Table 1: Verizon's 2Q07 Scorecard

2Q07

2Q06

Y/Y Change

Revenue (Millions)

$23,273

$21,886

+6.3%

Earnings (Millions)

$1,683

$1,611

+4.5%

GAAP EPS

$0.58

$0.55

+5.5%

Access Lines

43,288,000

46,950,000

-7.8%

Broadband Subscribers

7,686,000

6,125,000

+25.5%

Video Subscribers*

1,300,000

n/a

n/a

*515,000 FiOS TV subscribers and 785,000 DirecTV subscribers



Verizon also announced today that it would be acquiring Rural Cellular Corp. (Nasdaq: RCCC) for $2.67 billion. The price includes $755 million in equity at $45 per share. Rural will bring 716,000 customers in 15 states to Verizon Wireless and could also bring significant synergy savings to the company.

"In our opinion, this merger will generate increased profitability both from top-line growth and expected cost savings," writes Banc of America Securities LLC analyst David Barden in a research note this morning.

Just as AT&T Inc. (NYSE: T) reported in its earnings call last week, Verizon's strongest asset is its wireless division, where the company reported a 17 percent increase in total service revenue. Data is also proving to be a huge growth area. Data revenues were up 70 percent.

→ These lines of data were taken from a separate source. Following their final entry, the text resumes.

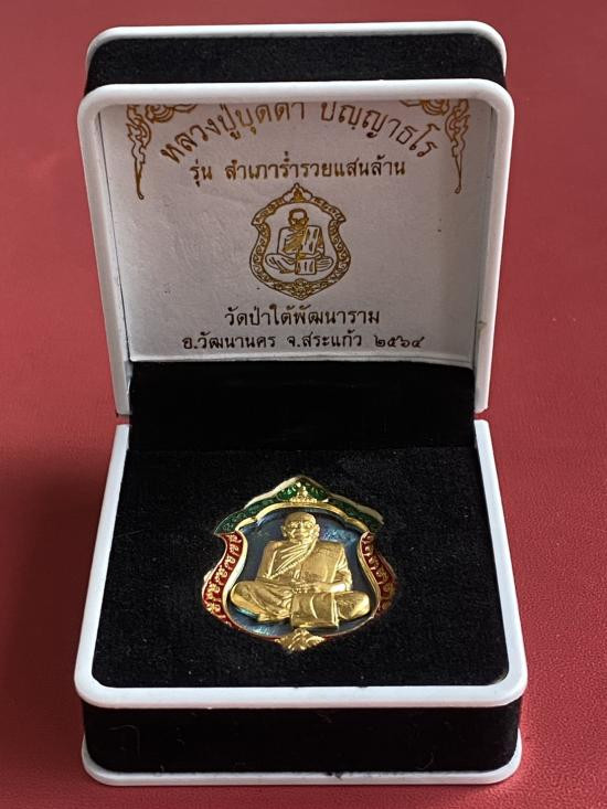 เคาะเดียวแดง หลวงปู่บุดดา รุ่น สำเภาร่ำรวยแสนล้าน รายการที่3.2 เนื้อ นวะหน้ากากชุบทอง ขอบชุบทองลงยา |
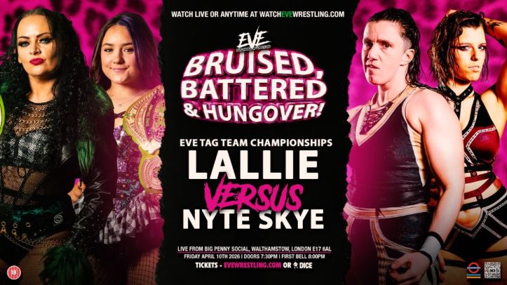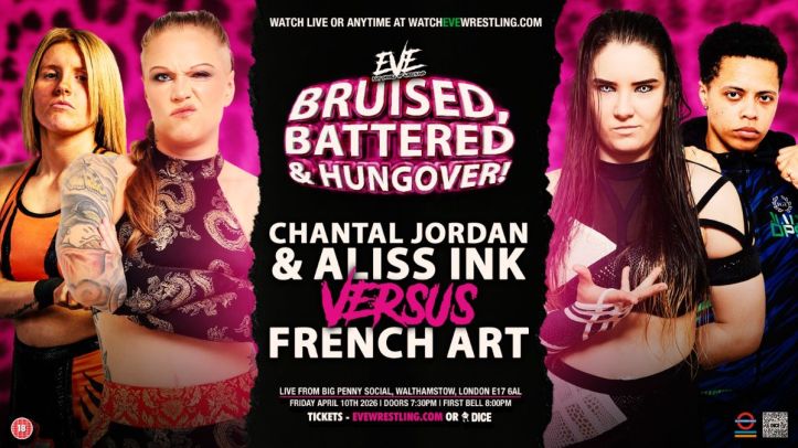 EVE’s “Bruised, Battered and Hungover” took place in London on April 10 and was broadcasted live on their YouTube channel. It included two AEW stars, two great tag team battles, a match between two of the best in Europe, and much more.
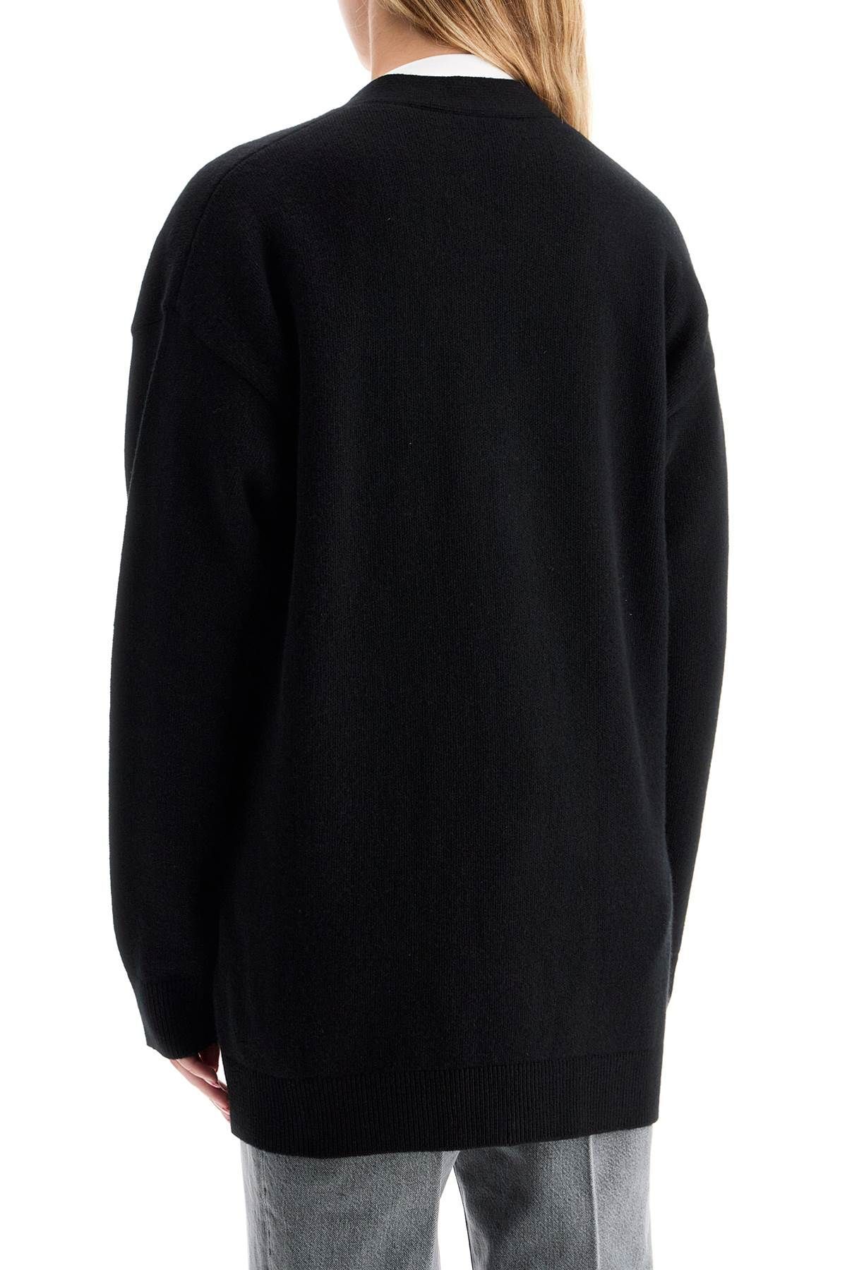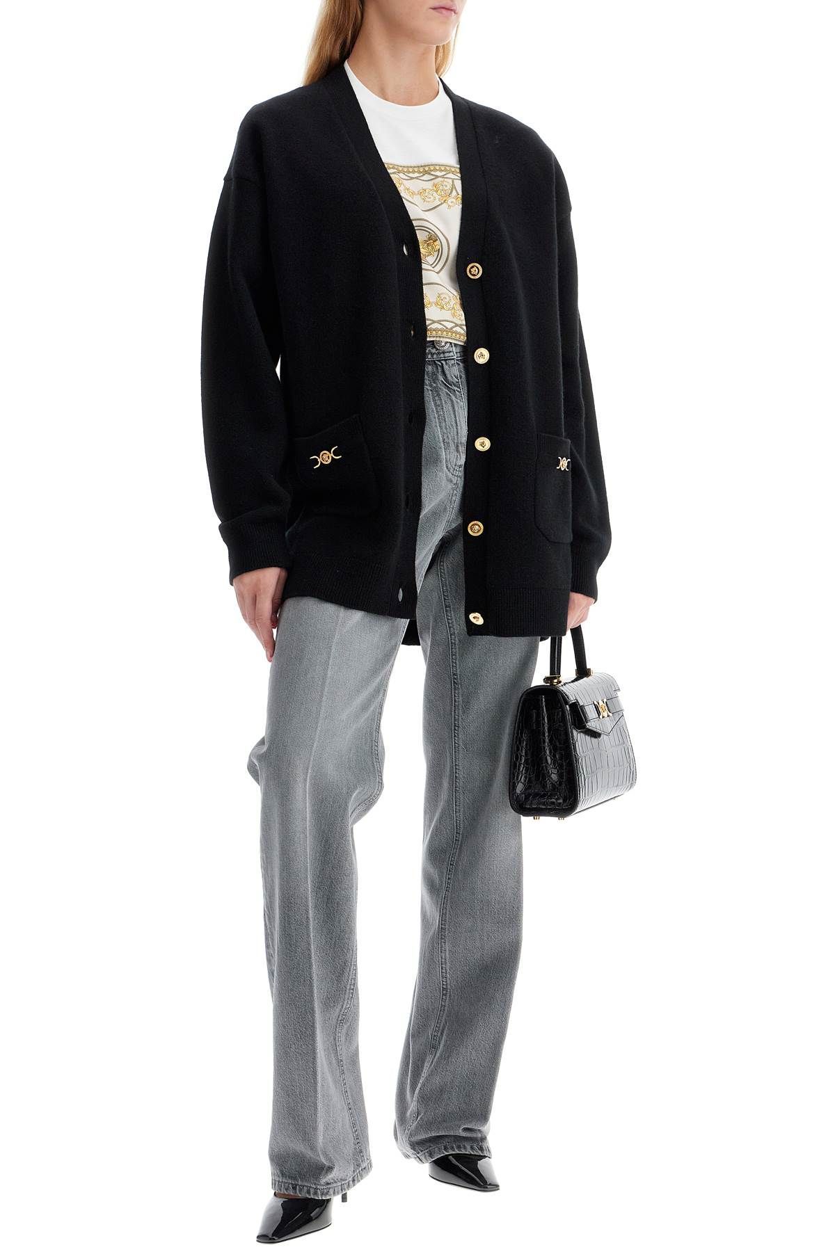 Versace's boxy fit cardigan, made of a blend of wool and cashmere, features Medusa '95 decorations on the pockets
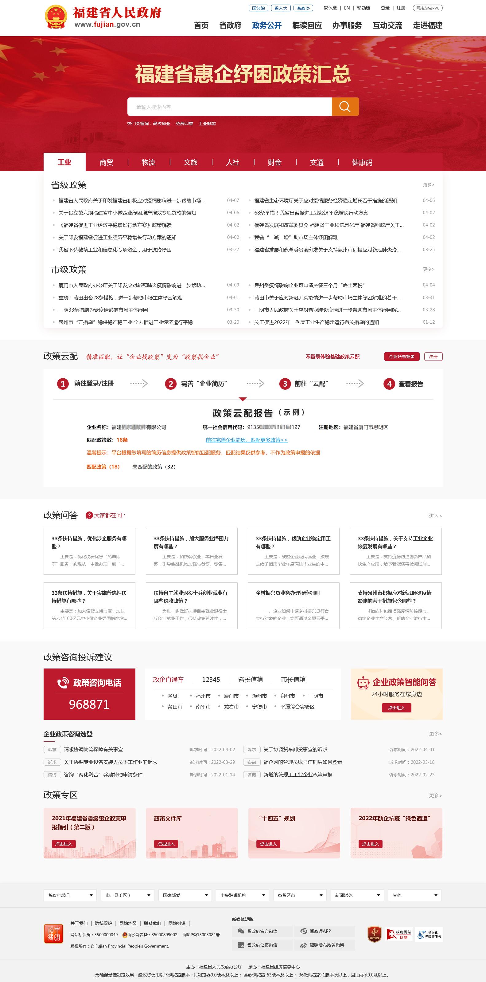 专栏汇总了工业、商贸、物流、文旅、人社、财金、交通等领域政策措施,包含了省、市两级政策,内容涵盖“33条措施”、“六税两费”减免、支持泉州市积极应对新冠肺炎疫情影响若干措施等。同时,还提供政策云配、政策咨询等在线服务。其中,政策云配方面,通过完善“企业简历”,提供政策智能匹配服务,让“企业找政策”变为“政策找企业”;政策咨询方面,企业可拨打“968871”或在线提交诉求。
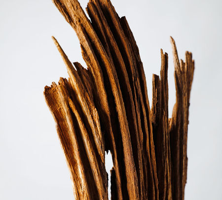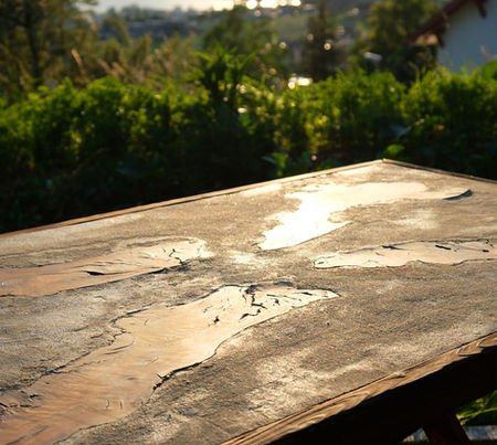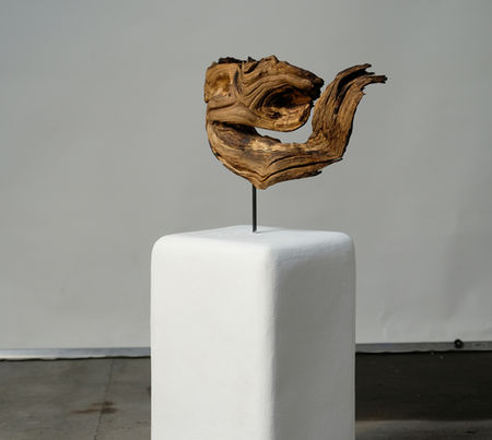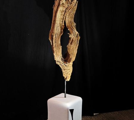 Edles gehobeltes Wurzelholz geölt und gewachst, mit mineralischem Mörtel aus Kalk, Kasein und Maggiasand in Form, umgossen. Unterkonstruk-tion aus Fichtenholz geflammt und geölt.
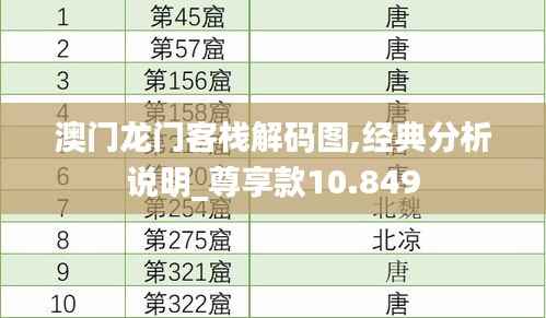 <p> “澳门龙门客栈”并非实体客栈,而是澳门文化的象征,通过解码图,我们可以更全面地了解澳门的文化、历史、政策等方面的信息。</p>
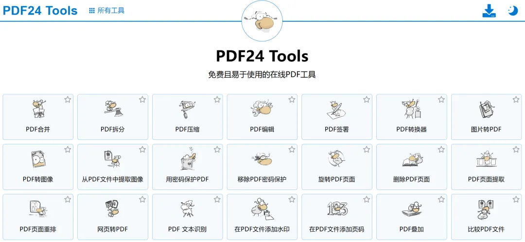 PDF24 Tools是免费无限制的在线PDF工具,全平台适配,一站式搞定所有PDF处理需求,操作零门槛,办公效率直接拉满!

Verizon's FiOS TV service added another 167,000 customers to bring the current total to 515,000, and the FiOS Internet service added 203,000 to bring that total to 1.1 million. But with the success of FiOS comes the decline of legacy services like PSTN lines and DSL.

While Verizon pointed out that line loss from traditional copper is on the decline, it also conceded that FiOS is cannibalizing DSL, which only added 85,000 subscribers this quarter. "The net adds were lighter than they should have been. We do expect reduction, but DSL was not our focus this quarter," said COO Denny Strigl on the call this morning. "We moved a lot of our staff over from DSL to FiOS."

The high cost of FiOS on both the IT side and the marketing side was a concern for several analysts on the call, because it continues to cut into the company's margins and has led to lower EBITDA margins compared to some of Verizon's peers.

"This is an issue of momentum," said CEO Ivan Seidenberg. "I think first you see momentum on the top line, and then you'll start to see it on the margin line." Seidenberg expects this to happen by late 2007 and early 2008.

"Overall, we believe sentiment remains conservative, despite the strong stock performance, on the prospects for FiOS to not simply stop diluting growth, but to transform into a positive growth contributor," writes Banc of America's Barden. Barden also notes that he believes the market will eventually gain appreciation for the inflection in FiOS dilution expected for 2007.

Shares of Verizon are off $0.74 (1.76 percent) to $41.26 in midday trading.